My favourite quote about drinking is this ”I tried to drown my sorrows, but the bastards learned how to swim, and now I am overwhelmed by this decent and good feeling.” – Frida Kahlo.
This sums up drinking when you’re stressed, sad or angry perfectly.

You drink to ”relax” to get rid of the bastard feelings but they are never gone, the alcohol only submerges your problems for a few hours whilst you’re in an intoxicted state. The morning after not only are your problems still there but they seem BIGGER and every other bad feeling is accentuated.

An example; you’re upset about someone in work who you feel disrespects you and speaks down to you. You hate confrontation and would never speak your mind to this person however all day it wears you down and you feel terrible about yourself and uncomfortable at work.

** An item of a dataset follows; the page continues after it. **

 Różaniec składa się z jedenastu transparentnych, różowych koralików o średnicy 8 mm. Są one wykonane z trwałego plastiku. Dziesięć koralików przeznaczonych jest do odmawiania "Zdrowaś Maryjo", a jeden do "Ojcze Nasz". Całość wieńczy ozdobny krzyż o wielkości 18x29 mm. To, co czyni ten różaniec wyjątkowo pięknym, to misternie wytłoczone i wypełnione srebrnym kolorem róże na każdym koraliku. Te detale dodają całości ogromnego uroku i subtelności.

Work finishes and on the way home you’re in the supermarket and think to yourself, ”I’m going to buy myself a bottle of wine to relax.” (inside voice = ‘I deserve one, I’ve worked hard and had to put up with that bitch all day. There’s also a 2 for £10 sign so you buy two just incase ey no problem’.)

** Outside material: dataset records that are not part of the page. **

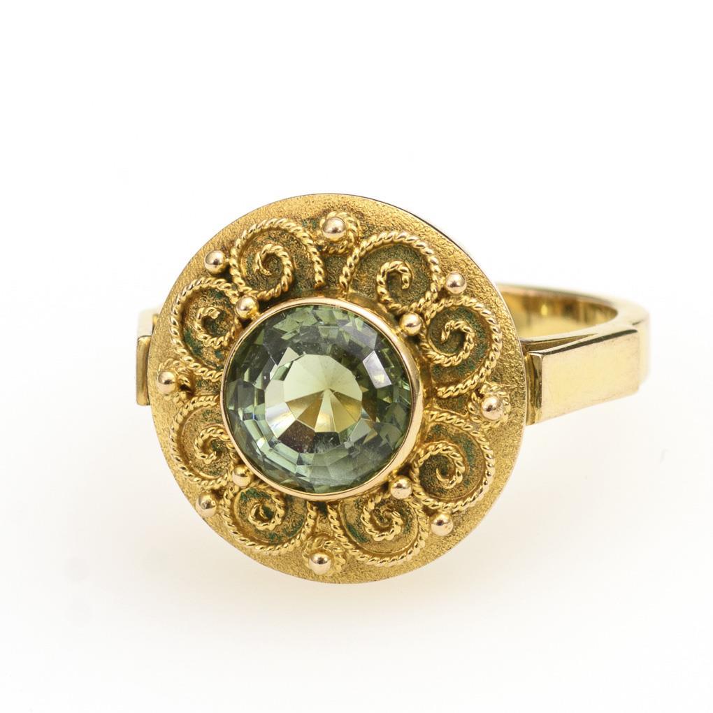 Zargengefasster Turmalin und Filigranzier zwischen mittlerer Schiene.
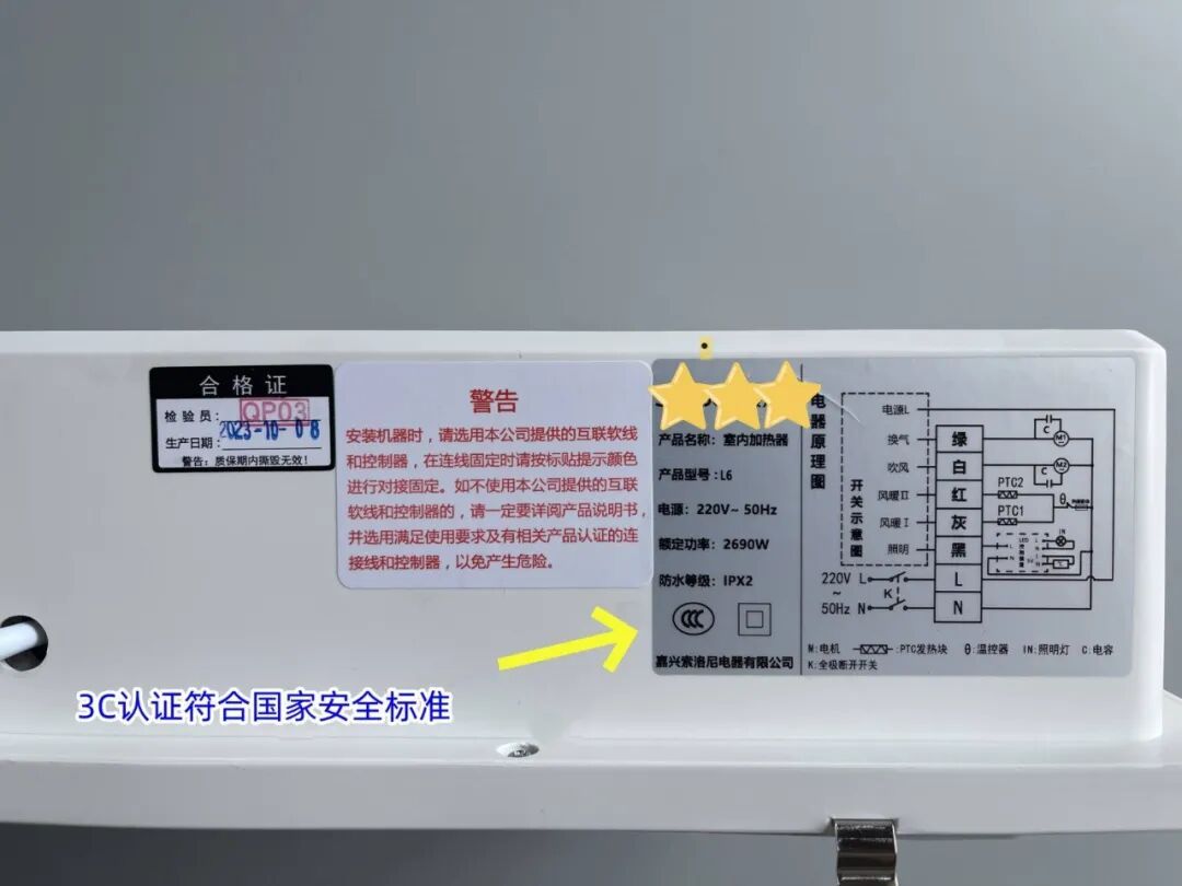 查看产品标识 购买电取暖器时,需要认真查看商品包装和产品说明,一看是否有商品名称、生产企业名称,二看是否有产品出厂检验合格证、执行标准代号,三看规格、型号、功率,四看有哪些注意事项。最重要的是,要认准国家强制性认证“ccc”标志(3c标志)。没有这个标志就不是正规产品,千万不能买!
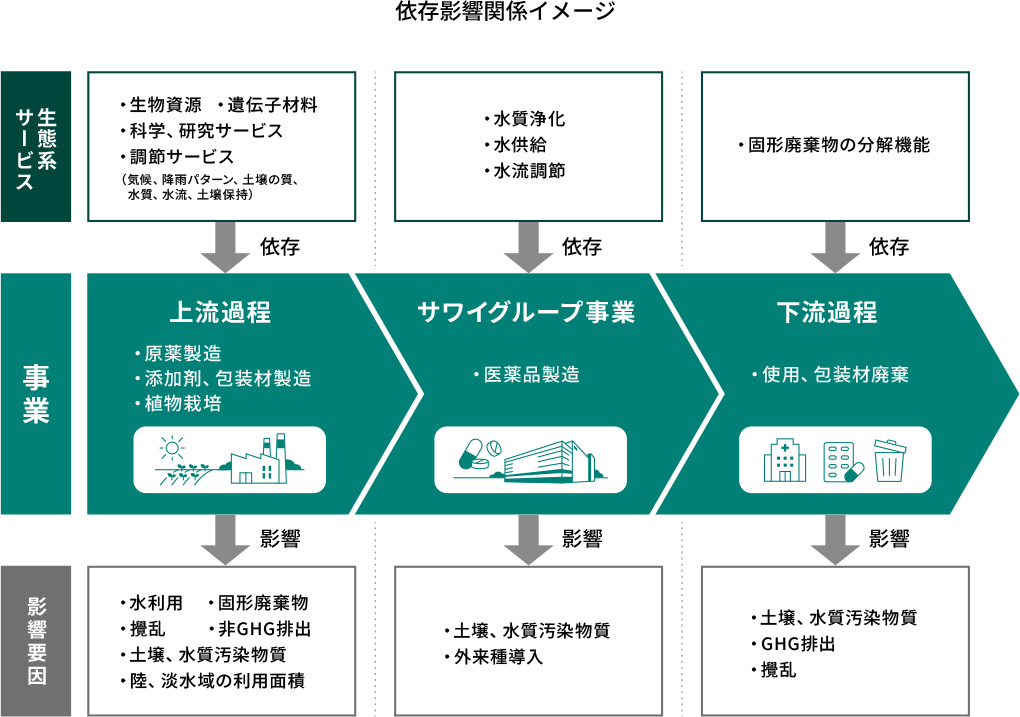 当社グループの医薬品製造や研究、販売などの事業および、医薬品製造における原材料調達段階(上流)、廃棄段階(下流)を対象として、自然との依存、影響関係を把握し、その結果特定した重要な自然との接点からリスク、機会を検討しました。 |

When you get home you drink your wine. With each sip that bitches face fades away, you get drunk, after 2 bottles stumble to the bed or decide to sleep on the sofa surrounded by doritos as the idea of making dinner was too much to handle.

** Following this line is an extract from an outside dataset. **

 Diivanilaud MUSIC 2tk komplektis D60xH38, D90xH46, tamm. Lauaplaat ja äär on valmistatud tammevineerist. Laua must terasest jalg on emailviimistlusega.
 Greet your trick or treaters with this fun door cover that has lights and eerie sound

The next day, not only does your mouth taste like cotton wool and your head feel like someone is throwing a wrecking ball around, but still you have to face that same woman in work today. The problem has not gone and you also now have another family of feelings that have invited themselves to your mind – such as Uncle Tiredness, Cousin Guilt, Auntie Dehydration, Brother Low Blood Sugar, Sister Increased Anxiety – making all the problems from yesterday twice as big today.

You read through your phone mid morning to find you’ve texted, facebooked and god-knows-what 15 people you wouldn’t even speak to sober, and have told many of them about ”the fucking bitch etc etc in work”.

And this is when anxiety takes over. You are a shaking, sweating wreck, the alcohol is coming out of your system, you feel like you’re crawling out of your skin after what you said to all those people last night. And this is when the most loved member of the feelings family comes into play, Great Grandfather Shame.

You feel ashamed in work, you feel like an idiot for talking badly about your colleague to others in drunken texts & facebook messages . And you know they all must know you were drunk last night as normally you are quiet as a mouse at work. You feel their eyes staring at you, leering at you, thinking ”god what a mess she looks so hungover.”

At this point you’ve downed 2 pints of water and as you lean over the ladies toilets to throw up at 1pm you hear the voice of the woman you felt was putting you down, disrespecting you, belitting you, asking…

”Are you okay in there?”
”Do you need to go home for the day?”